» **Work to be completed**
Using the listing below, set down exactly the lines from the one that contains "身に着けているお洋服と少し色" through the one that contains "Sir Charles leads", with no pictures.

» **Data**
"""

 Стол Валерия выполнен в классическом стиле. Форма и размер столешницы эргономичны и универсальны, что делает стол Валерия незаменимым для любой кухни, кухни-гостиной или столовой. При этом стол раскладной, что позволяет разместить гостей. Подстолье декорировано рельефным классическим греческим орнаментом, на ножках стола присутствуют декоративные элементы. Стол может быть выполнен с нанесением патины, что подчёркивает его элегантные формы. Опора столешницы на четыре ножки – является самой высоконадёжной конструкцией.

"""
"""

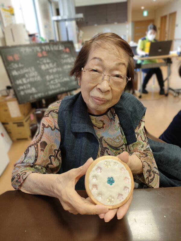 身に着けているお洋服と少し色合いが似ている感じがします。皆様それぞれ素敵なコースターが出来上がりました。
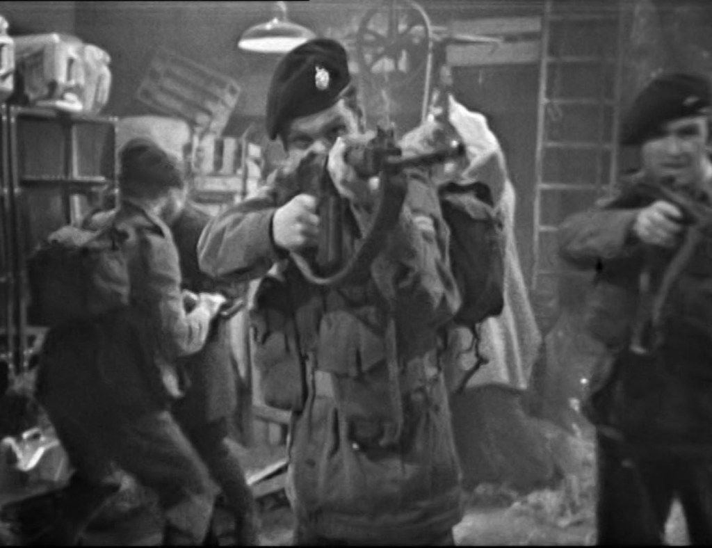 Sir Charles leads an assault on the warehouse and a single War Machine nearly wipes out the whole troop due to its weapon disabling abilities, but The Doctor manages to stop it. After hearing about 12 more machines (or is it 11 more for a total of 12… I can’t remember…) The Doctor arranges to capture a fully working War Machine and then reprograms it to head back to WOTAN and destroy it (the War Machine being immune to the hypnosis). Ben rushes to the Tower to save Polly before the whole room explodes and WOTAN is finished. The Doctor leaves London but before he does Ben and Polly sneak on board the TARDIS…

"""

» **Expected answer**
 身に着けているお洋服と少し色合いが似ている感じがします。皆様それぞれ素敵なコースターが出来上がりました。
 Sir Charles leads an assault on the warehouse and a single War Machine nearly wipes out the whole troop due to its weapon disabling abilities, but The Doctor manages to stop it. After hearing about 12 more machines (or is it 11 more for a total of 12… I can’t remember…) The Doctor arranges to capture a fully working War Machine and then reprograms it to head back to WOTAN and destroy it (the War Machine being immune to the hypnosis). Ben rushes to the Tower to save Polly before the whole room explodes and WOTAN is finished. The Doctor leaves London but before he does Ben and Polly sneak on board the TARDIS…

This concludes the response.